### WHAT IS BEING ASKED
Below are the records; extract from them the line containing "在光伏建筑的设计阶段,建筑师" to the line containing "Ventilador de pie", both lines included, exactly and with no pictures.

[[ MATERIAL FOR THIS EXERCISE, beginning ]]

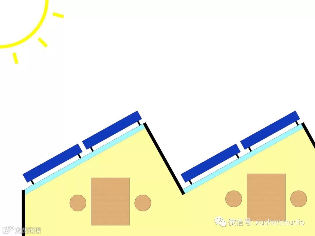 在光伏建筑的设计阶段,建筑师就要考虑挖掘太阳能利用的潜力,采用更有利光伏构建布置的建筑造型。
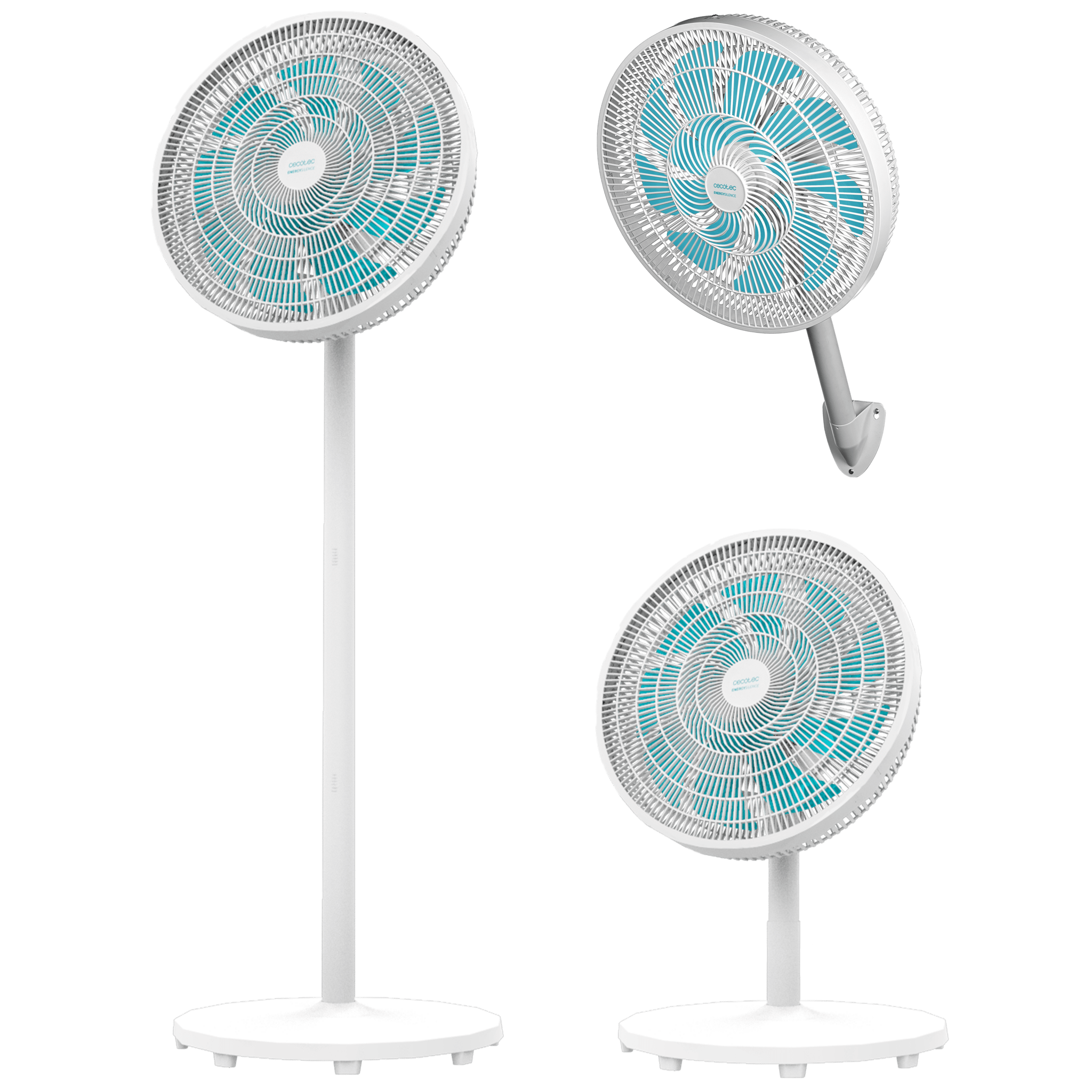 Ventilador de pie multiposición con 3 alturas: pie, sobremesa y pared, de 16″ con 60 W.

[[ MATERIAL FOR THIS EXERCISE, end ]]
[[ MATERIAL FOR THIS EXERCISE, beginning ]]

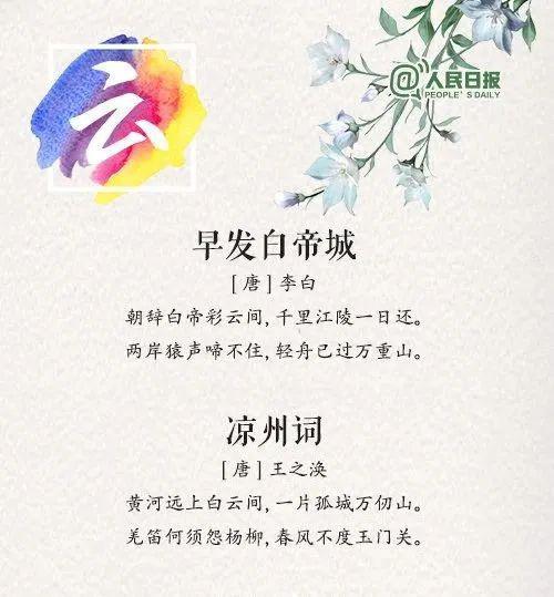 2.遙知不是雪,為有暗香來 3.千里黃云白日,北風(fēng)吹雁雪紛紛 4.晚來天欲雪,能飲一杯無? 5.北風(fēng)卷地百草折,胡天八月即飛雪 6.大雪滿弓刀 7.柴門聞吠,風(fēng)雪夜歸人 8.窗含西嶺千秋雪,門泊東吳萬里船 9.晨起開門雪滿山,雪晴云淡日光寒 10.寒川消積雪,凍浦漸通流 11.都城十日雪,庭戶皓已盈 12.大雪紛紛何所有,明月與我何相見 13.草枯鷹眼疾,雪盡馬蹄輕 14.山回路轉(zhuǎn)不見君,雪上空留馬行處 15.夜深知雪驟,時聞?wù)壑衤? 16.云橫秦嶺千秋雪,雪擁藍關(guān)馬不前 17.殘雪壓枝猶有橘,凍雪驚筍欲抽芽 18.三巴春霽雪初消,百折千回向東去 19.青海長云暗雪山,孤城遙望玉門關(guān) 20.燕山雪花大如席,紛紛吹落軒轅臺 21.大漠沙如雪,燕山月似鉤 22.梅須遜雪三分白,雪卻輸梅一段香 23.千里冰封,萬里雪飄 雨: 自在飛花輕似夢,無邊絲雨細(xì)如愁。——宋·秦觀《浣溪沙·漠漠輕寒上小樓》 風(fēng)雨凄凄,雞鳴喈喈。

[[ MATERIAL FOR THIS EXERCISE, end ]]
[[ MATERIAL FOR THIS EXERCISE, beginning ]]

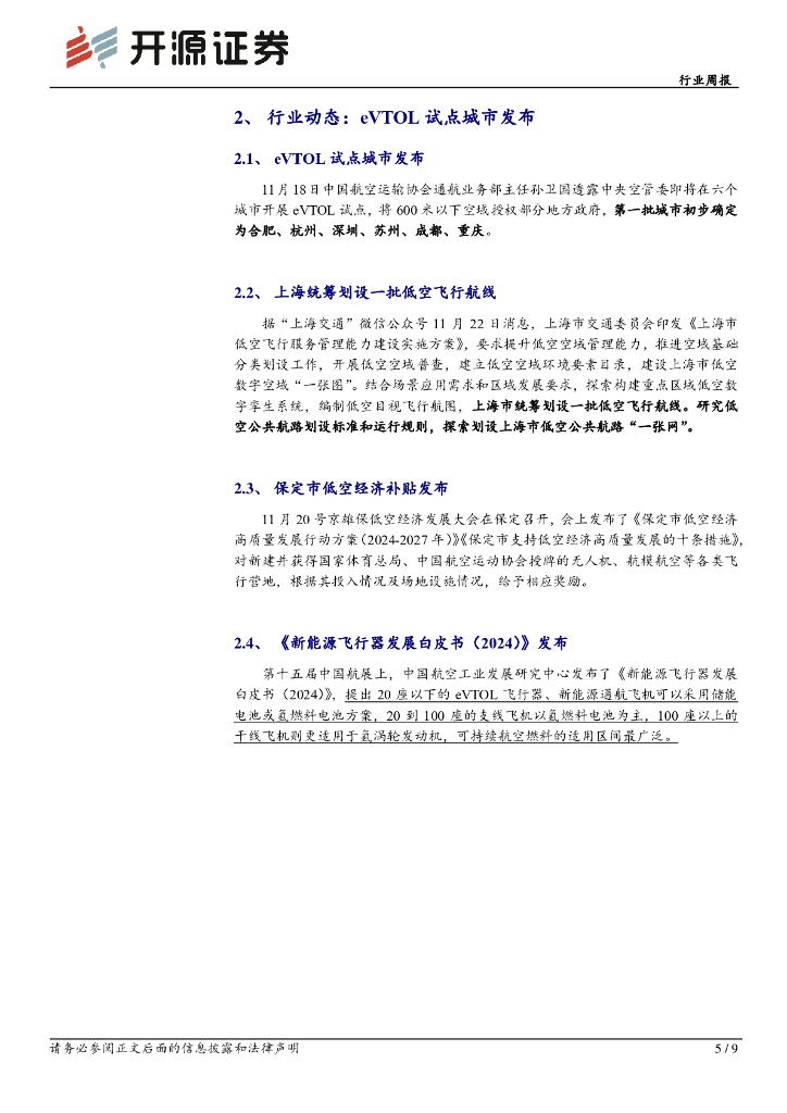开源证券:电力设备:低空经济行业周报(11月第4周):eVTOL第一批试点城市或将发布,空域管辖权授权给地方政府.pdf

[[ MATERIAL FOR THIS EXERCISE, end ]]

### RESPONSE TO THIS TASK
 在光伏建筑的设计阶段,建筑师就要考虑挖掘太阳能利用的潜力,采用更有利光伏构建布置的建筑造型。
 Ventilador de pie multiposición con 3 alturas: pie, sobremesa y pared, de 16″ con 60 W.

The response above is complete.